This is a diff I've primarily uploaded for markj@ to review. I have a tree that imports the wg(4) driver from wireguard-freebsd into sys/dev/wg and this change (along with others in the stack) are further changes to the current wireguard-freebsd driver.

This revision is now accepted and ready to land.Aug 8 2022, 5:13 PM

I don't see how the fences have anything to do with it.

The point of atomic load/stores is so that the compiler does not get ideas of splitting them into multiple instructions and does not get ideas about re-reading them, both of which are no longer guaranteed with the patch at hand.

In D35989#838250, @mjg wrote:

I don't see how the fences have anything to do with it.

The point of atomic load/stores is so that the compiler does not get ideas of splitting them into multiple instructions and does not get ideas about re-reading them, both of which are no longer guaranteed with the patch at hand.

We always assume that a load of an aligned pointer is atomic.

In D35989#838250, @mjg wrote:

I don't see how the fences have anything to do with it.

The point of atomic load/stores is so that the compiler does not get ideas of splitting them into multiple instructions and does not get ideas about re-reading them, both of which are no longer guaranteed with the patch at hand.

We always assume that a load of an aligned pointer is atomic.

That assumption is not valid, although it almost always works out.

What is a serious problem is allowing the compiler to decide to re-read these values, meaning multiple uses of 'so4' in the same func can end up with different values.
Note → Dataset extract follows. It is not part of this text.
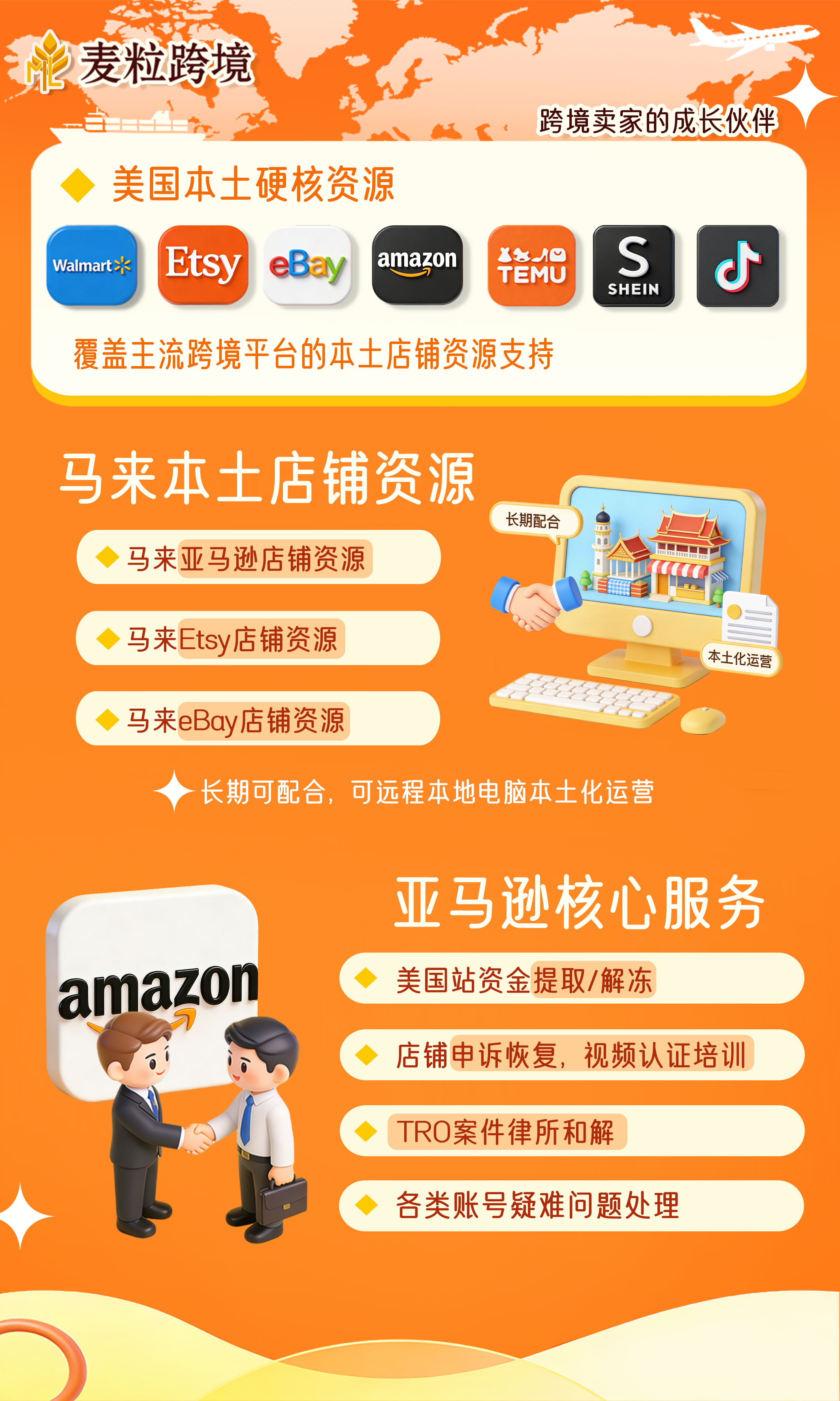 ◆麦粒跨境——致力于解决跨境卖家99%的问题! ◆我们注于为跨境卖家提供一站式服务: 【1】协助亚马逊、ETSY、TEMU、TK等主要跨境平台开店(可提供美国/马来西亚本本店铺资源); 【2】提供ETSY从0-1陪跑服务(线下+线上模式陪跑,打造属于您的明星店铺); 【3】提供美国强开资金服务,成功率高达99%; 【4】提供店铺申诉、资金申诉、视频培训、链接下架申诉、TRO资金解冻等专业服务; 【5】帮助客户解决各类审核问题:美国二审、资质审核、欧洲KYC审核、消费者法案、店铺被锁等; 【6】其他各类疑难杂症:内部查询和店铺体检代报BD/LD、上A+、上360环视图、赶跟卖、真人测评、店铺保险、现成R标/BG标、开通handmade、美国商标换律师、美国锁仓、BG2.0授权、白名单、代备案、翻新、红人视频、美国清库存、海外仓一件代发/移仓换标等,全面满足客户的多元化需求。 ★ 如果您遇到任何跨境相关问题,欢迎免费咨询,联系我们对接更多跨境资源!

While the sample above is so short I don't believe any compiler would do it, I see 0 reason to make the proposed change. If anything, it is better to add these loads if in any doubt than to skip them.
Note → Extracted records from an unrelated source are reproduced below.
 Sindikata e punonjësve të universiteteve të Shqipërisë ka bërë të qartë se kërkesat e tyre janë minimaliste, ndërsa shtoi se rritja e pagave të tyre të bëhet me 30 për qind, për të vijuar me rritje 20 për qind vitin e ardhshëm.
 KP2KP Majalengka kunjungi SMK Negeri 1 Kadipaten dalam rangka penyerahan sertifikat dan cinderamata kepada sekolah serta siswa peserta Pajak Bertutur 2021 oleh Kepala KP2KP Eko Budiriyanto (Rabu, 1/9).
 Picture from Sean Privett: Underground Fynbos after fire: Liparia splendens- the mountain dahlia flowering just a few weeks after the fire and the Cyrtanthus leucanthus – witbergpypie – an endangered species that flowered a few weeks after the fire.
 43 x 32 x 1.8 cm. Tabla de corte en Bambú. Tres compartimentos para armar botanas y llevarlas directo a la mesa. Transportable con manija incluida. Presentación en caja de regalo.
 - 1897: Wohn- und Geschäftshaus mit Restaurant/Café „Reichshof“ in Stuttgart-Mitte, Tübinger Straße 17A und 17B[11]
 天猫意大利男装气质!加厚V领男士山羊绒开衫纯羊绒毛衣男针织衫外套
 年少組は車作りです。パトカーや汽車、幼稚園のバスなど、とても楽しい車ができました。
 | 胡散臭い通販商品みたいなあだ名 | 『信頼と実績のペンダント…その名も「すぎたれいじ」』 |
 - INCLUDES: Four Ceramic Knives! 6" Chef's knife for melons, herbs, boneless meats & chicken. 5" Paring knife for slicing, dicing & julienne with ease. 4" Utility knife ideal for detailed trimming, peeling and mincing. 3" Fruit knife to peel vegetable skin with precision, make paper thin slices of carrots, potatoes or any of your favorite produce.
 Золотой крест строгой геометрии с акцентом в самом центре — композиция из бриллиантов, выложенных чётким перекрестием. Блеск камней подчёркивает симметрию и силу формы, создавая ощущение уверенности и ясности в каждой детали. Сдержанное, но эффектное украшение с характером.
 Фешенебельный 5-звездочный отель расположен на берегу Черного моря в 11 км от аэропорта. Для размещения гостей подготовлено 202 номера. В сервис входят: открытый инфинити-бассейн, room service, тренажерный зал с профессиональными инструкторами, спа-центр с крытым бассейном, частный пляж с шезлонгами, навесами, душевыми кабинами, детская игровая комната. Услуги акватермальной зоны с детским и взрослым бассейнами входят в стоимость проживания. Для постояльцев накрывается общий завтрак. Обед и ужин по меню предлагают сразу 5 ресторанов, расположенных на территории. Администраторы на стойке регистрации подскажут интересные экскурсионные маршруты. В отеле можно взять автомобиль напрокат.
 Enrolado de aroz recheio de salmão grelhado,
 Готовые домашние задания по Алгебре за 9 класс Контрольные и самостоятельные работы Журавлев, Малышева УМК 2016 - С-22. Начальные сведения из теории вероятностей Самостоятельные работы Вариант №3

In D35989#839387, @mjg wrote:
In D35989#838250, @mjg wrote:

I don't see how the fences have anything to do with it.

The point of atomic load/stores is so that the compiler does not get ideas of splitting them into multiple instructions and does not get ideas about re-reading them, both of which are no longer guaranteed with the patch at hand.

We always assume that a load of an aligned pointer is atomic.

That assumption is not valid, although it almost always works out.

It's valid for the platforms FreeBSD runs on, this assumption is pervasive in the kernel. (Try enabling KCSAN.)

Above you say that the purpose of atomic_load/store is to provide atomicity of operations, while below you say it's to ensure that values are read or written exactly once so as to satisfy assumptions of some lockfree code. A third reason is to provide sanitizers with a list of "known" unserialized memory accesses.

What is a serious problem is allowing the compiler to decide to re-read these values, meaning multiple uses of 'so4' in the same func can end up with different values. While the sample above is so short I don't believe any compiler would do it, I see 0 reason to make the proposed change. If anything, it is better to add these loads if in any doubt than to skip them.

Looking at the code again, I agree. The accesses in wg_send() should use atomic_load to ensure that the compiler does not reload a socket pointer after it's compared with NULL. The accesses in wg_socket_set() are serialized by the softc mutex, so there we are merely assuming that the stores are atomic and atomic_store does not accomplish anything except educating KCSAN. Clearly I didn't look carefully enough when I reviewed the first time, sorry about that.

We do not have a consistent policy on whether to use atomics when performing serialized stores to memory which is accessed in unserialized contexts, such as here. KCSAN (as it is implemented in FreeBSD, though it's easy to change) and Linux require both sides to use atomics (READ_ONCE/WRITE_ONCE). So, what should we do in general?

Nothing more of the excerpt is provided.